**What to produce**
Your output should match the listing below word for word, without any images.

**Stored data**

+ + + +

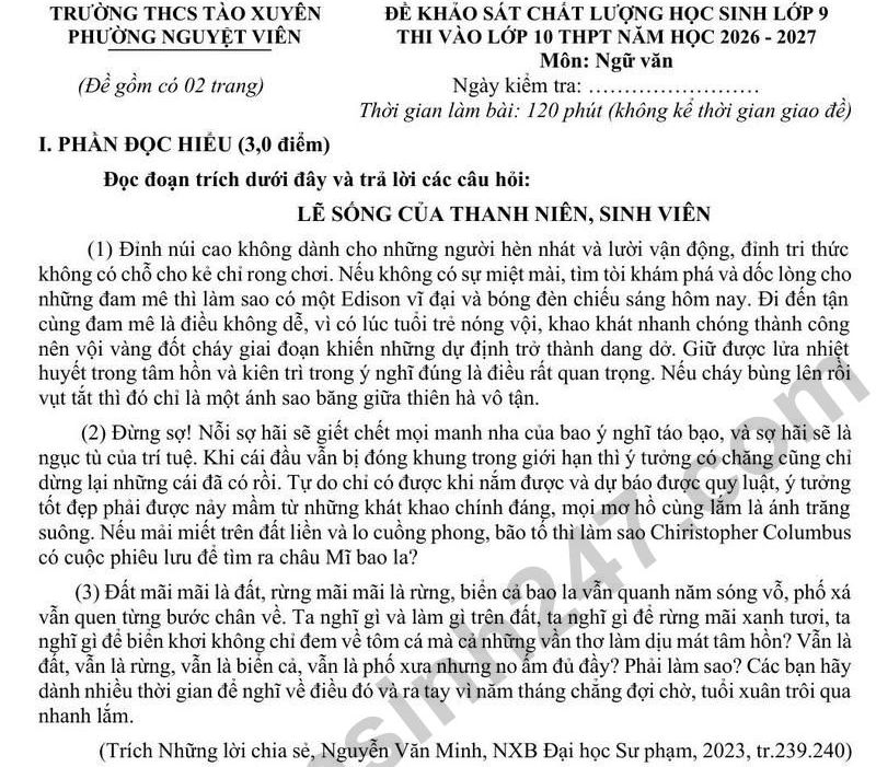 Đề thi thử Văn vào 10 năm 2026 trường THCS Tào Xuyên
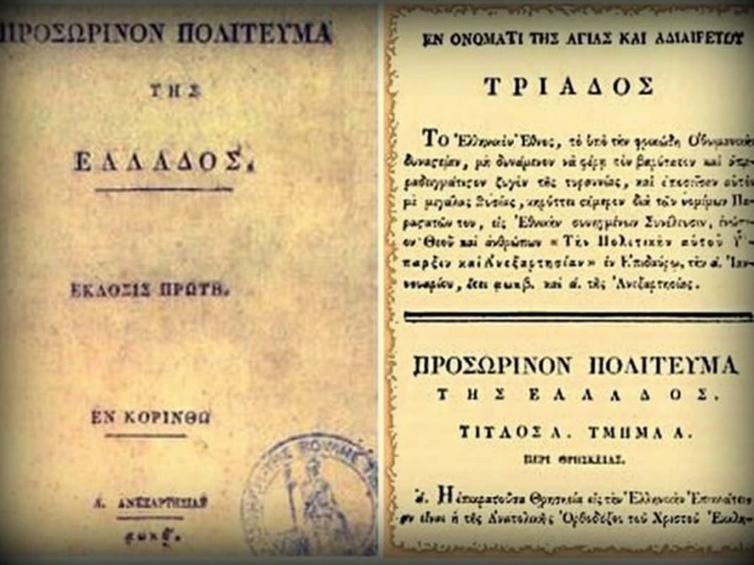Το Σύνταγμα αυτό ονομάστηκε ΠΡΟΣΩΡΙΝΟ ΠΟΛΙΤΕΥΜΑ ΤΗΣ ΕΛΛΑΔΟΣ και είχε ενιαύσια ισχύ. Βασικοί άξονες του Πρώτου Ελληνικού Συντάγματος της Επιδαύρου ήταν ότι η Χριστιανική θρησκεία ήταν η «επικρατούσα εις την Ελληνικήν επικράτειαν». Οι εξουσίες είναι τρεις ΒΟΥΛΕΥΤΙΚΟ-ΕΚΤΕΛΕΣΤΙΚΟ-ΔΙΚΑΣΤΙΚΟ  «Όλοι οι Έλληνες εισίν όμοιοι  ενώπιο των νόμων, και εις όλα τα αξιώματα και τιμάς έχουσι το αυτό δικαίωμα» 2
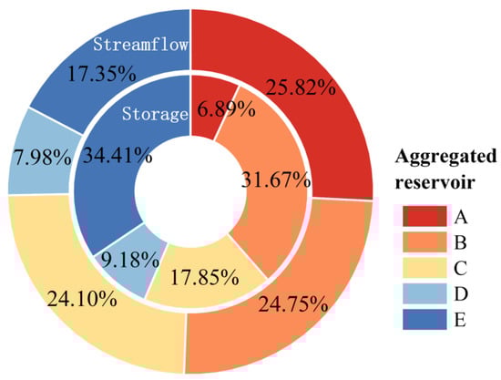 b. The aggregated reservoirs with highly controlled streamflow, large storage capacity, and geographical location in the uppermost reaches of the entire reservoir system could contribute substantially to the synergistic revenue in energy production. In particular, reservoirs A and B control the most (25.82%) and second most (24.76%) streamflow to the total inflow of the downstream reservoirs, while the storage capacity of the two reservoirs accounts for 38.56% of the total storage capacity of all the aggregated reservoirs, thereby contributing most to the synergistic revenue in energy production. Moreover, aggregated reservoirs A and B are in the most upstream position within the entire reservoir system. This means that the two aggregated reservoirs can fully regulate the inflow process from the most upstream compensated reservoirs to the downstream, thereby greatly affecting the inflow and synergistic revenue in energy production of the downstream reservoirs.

+ + + +

**Output for this exercise**
 Đề thi thử Văn vào 10 năm 2026 trường THCS Tào Xuyên
Το Σύνταγμα αυτό ονομάστηκε ΠΡΟΣΩΡΙΝΟ ΠΟΛΙΤΕΥΜΑ ΤΗΣ ΕΛΛΑΔΟΣ και είχε ενιαύσια ισχύ. Βασικοί άξονες του Πρώτου Ελληνικού Συντάγματος της Επιδαύρου ήταν ότι η Χριστιανική θρησκεία ήταν η «επικρατούσα εις την Ελληνικήν επικράτειαν». Οι εξουσίες είναι τρεις ΒΟΥΛΕΥΤΙΚΟ-ΕΚΤΕΛΕΣΤΙΚΟ-ΔΙΚΑΣΤΙΚΟ  «Όλοι οι Έλληνες εισίν όμοιοι  ενώπιο των νόμων, και εις όλα τα αξιώματα και τιμάς έχουσι το αυτό δικαίωμα» 2
 b. The aggregated reservoirs with highly controlled streamflow, large storage capacity, and geographical location in the uppermost reaches of the entire reservoir system could contribute substantially to the synergistic revenue in energy production. In particular, reservoirs A and B control the most (25.82%) and second most (24.76%) streamflow to the total inflow of the downstream reservoirs, while the storage capacity of the two reservoirs accounts for 38.56% of the total storage capacity of all the aggregated reservoirs, thereby contributing most to the synergistic revenue in energy production. Moreover, aggregated reservoirs A and B are in the most upstream position within the entire reservoir system. This means that the two aggregated reservoirs can fully regulate the inflow process from the most upstream compensated reservoirs to the downstream, thereby greatly affecting the inflow and synergistic revenue in energy production of the downstream reservoirs.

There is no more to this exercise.